New streaming TV service AT&T TV will be available nationwide by early 2020

AT&T has been slowly building a new streaming TV service, AT&T TV, and the product is still in the testing phase. But AT&T expects it will ramp up quickly after launch.

AT&T said AT&T TV will launch in select markets by the end of the third quarter before expanding to nationwide availability in early 2020.

For AT&T, the service is not so much about replacing DirecTV satellite service but creating new addressable markets while reducing customer acquisition costs related to satellite dish installations and service setup. Last month, AT&T CEO Randall Stephenson said the lower customer acquisition costs will allow AT&T to offset rising programming costs so it can decrease price points for AT&T TV. For example, he pointed toward AT&T’s current carriage dispute with Nexstar Media, which he said asked for a 100% increase in broadcast television retransmission fees in its initial renewal offer.

“We’ve got to find a way to get the cost curve down on this product so we can keep people into the product for a longer term basis,” Stephenson said.

RELATED: AT&T changes DirecTV Now to AT&T TV Now

AT&T is pitching AT&T TV as an improved user experience with a modern user interface, better search capabilities and in-app support. The company is also testing a proprietary Android TV set-top box that will accompany the service.

For continuity sake, AT&T is changing the name of DirecTV Now, one of its other multichannel streaming services, to AT&T TV Now. But the name change could also be aimed toward delineating (and maybe disassociating) AT&T’s streaming TV operations from its struggling satellite TV business.
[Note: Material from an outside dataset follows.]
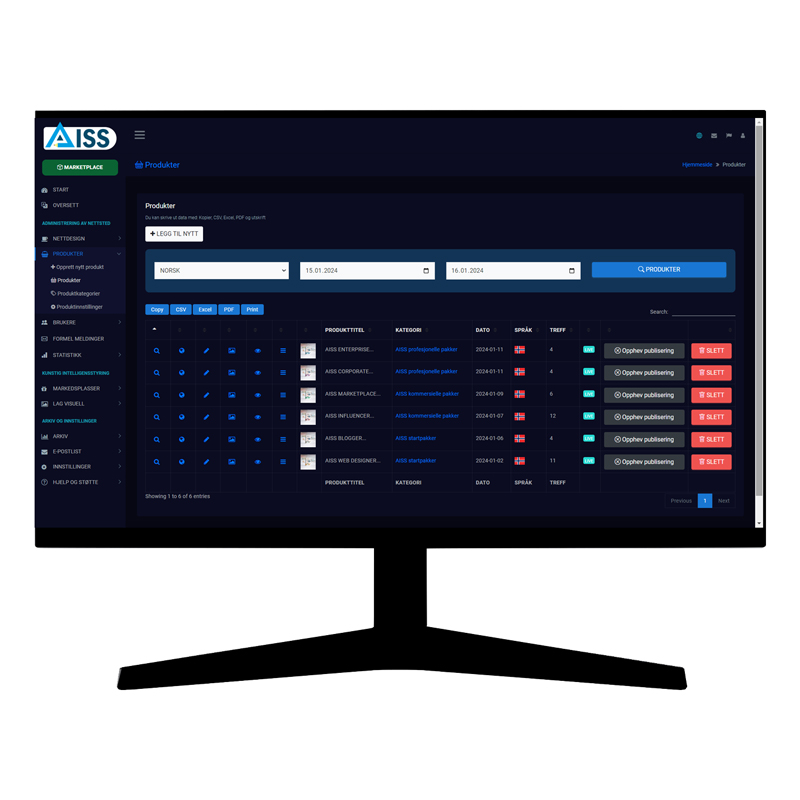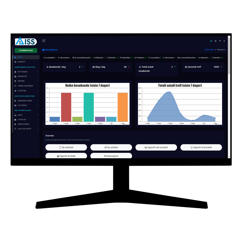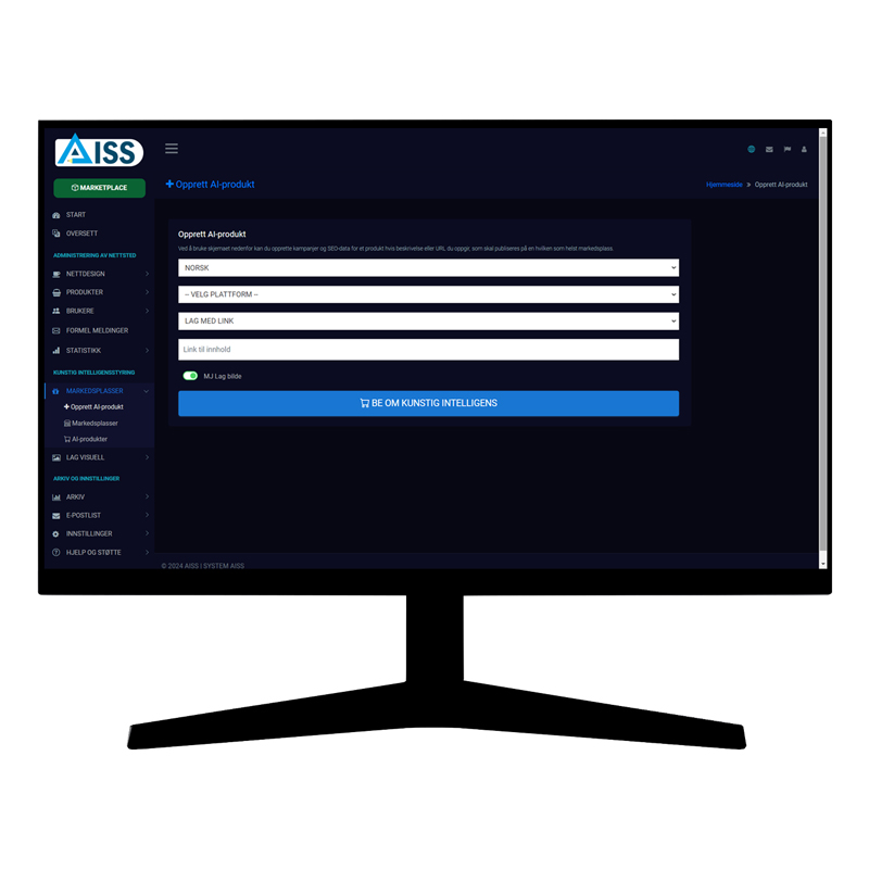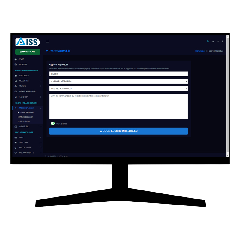 AISS lar deg lage produkter, produktbilder, produktbeskrivelser og produktdetaljer som skal vises på hvilken som helst markedsplass du vil, med AISS MARKETPLACE kunstig intelligens utviklet spesielt for brukere som selger produkter gjennom markedsplasser.

DirecTV contributed to AT&T losing 778,000 traditional TV subscribers in the second quarter. The company attributed those elevated losses to increased churn resulting from DirecTV customers coming off two-year promotional price locks. The company said that the amount of traditional pay TV subscribers on promo pricing declined by 600,000 during the second quarter, leaving another 1 million still on promo pricing. AT&T said that means video subscriber churn will remain high throughout the rest of 2019.